Il saggio del 1981 sopra richiamato, che analizza le vicende dello scontro di classe tra il 1955 e il 1962 a Torino, lo vede non ancora trentenne in posizione paritetica insieme con i migliori nomi dell'intellettualità torinese, studiosi e storici del Movimento operaio e della sinistra storica, prefigura i temi che Giuseppe Berta avrà sempre nelle sue corde. Corde spesso a intrecciate con i luoghi, come nel libro su Mirafiori, la fabbrica delle fabbriche, e con le dinamiche aziendali, affrontate in Conflitto industriale e struttura di impresa alla Fiat (1919-1979), libri entrambi del 1998 che per alcuni versi sono anticipatori con quella doppia lettura dell'incipiente crisi del gruppo automobilistico, orfano del monopolio produttivo, stretto nella morsa di un mercato che non controlla per la feroce concorrenza dei gruppi stranieri, viziato dalle politiche finanziarie di Cesare Romiti che hanno arricchito gli azionisti, ma ridimensionato la ricerca tecnologica e strozzato l'estro competitivo nella produzione di nuovi modelli di auto.

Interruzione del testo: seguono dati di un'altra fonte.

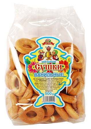 Sushki is traditional Russian tea bread. It is a small, crunchy, mildly sweet bread ring which can be eaten for dessert. Sushki are natural and delicious bread rings with vanilla flavor - a great and healthy snack on the go and delicious dessert to have with tea or coffee.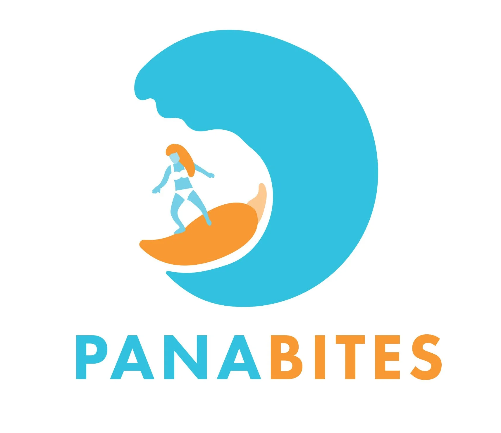 The PANABITES logo depicts an abstract woman surfing on a pepper along a wave with an S shaped curved. The PANABITES logo perfectly communicates the exciting tropical theme of the restaurant. A multicolored geometric wordmark sits below the woman surfing, further balancing the logo. PANABITES menu reflects the exciting and tropical theme of the restaurant by utilizing a wave-like gradient and the woman surfing along the footer.

Ma, se vogliamo guardarlo anche retrospettivamente, quel testo del 1981, a un anno dalla Marcia dei 40 mila nell'ottobre del 1980, epilogo drammatico per il movimento sindacale nella dura vertenza dei 35 giorni alla Fiat, è rivelatorio di quanto la crisi (e la sua sottovalutazione) della grande impresa sul finire degli anni Settanta, avesse finito per spersonalizzare quei modelli di comportamento nello scontro tra movimento operaio e capitale, e penalizzare entrambi i soggetti: i primi divisi e subalterni nell'era Marchionne, il secondo ancora grande all'estero, ma destinato a miniaturizzarsi nel nostro Paese e con un sistema produttivo, come denuncia Berta nel suo libro del 2011 Fiat-Chrysler e la deriva dell'Italia industriale, che ha perduto la sua forza di orientare l'intero sistema nazionale in presenza di una divisione internazionale del lavoro feroce e di una altrettanto spietata competizione finanziaria tra gli Stati. Un tema riproposto con Che fine ha fatto il capitalismo italiano? del 2016 e, da un'altra angolazione, il rapporto con la città, nel 2020 con Chi ha fermato Torino? Una metafora per l'Italia, scritto per indagare insieme con Angelo Pichierri e Arnaldo Bagnasco, due sociologi, "le ragioni del ripiegamento della città e della sua crisi".
Dal 1996 al 2002, su indicazione di Cesare Annibaldi, per anni dominus delle relazioni industriali di corso Marconi, Giuseppe Berta ha diretto l'Archivio storico Fiat. Per lo storico sono stati anni di grande impegno (e di importanti relazioni politiche e culturali), nei quali Berta ha speso molto di sé e della sua credibilità personale per rallentare il progressivo disamore della Fiat per i centri culturali che ne avevano rappresentato la sua immagini a Torino, in Italia e all'estero. Disamore avvertito in misura sempre più incipiente con la riduzione di investimenti a beneficio della Fondazione Agnelli, fiore all'occhiello dell'impresa e del capoluogo piemontese.
Giuseppe Berta, docente universitario alla Bocconi, editorialista, studioso, lascia dietro di una scia importante del sapere storico che resterà un punto luminoso per lo studio delle generazioni più giovani. Ma a chi lo ha avuto come amico, o a chi l'ha conosciuto professionalmente, mancherà soprattutto la sua ironia, quei lampi che sapeva lanciare dietro le sue spesse lenti, all'improvviso con disarmante naturalezza.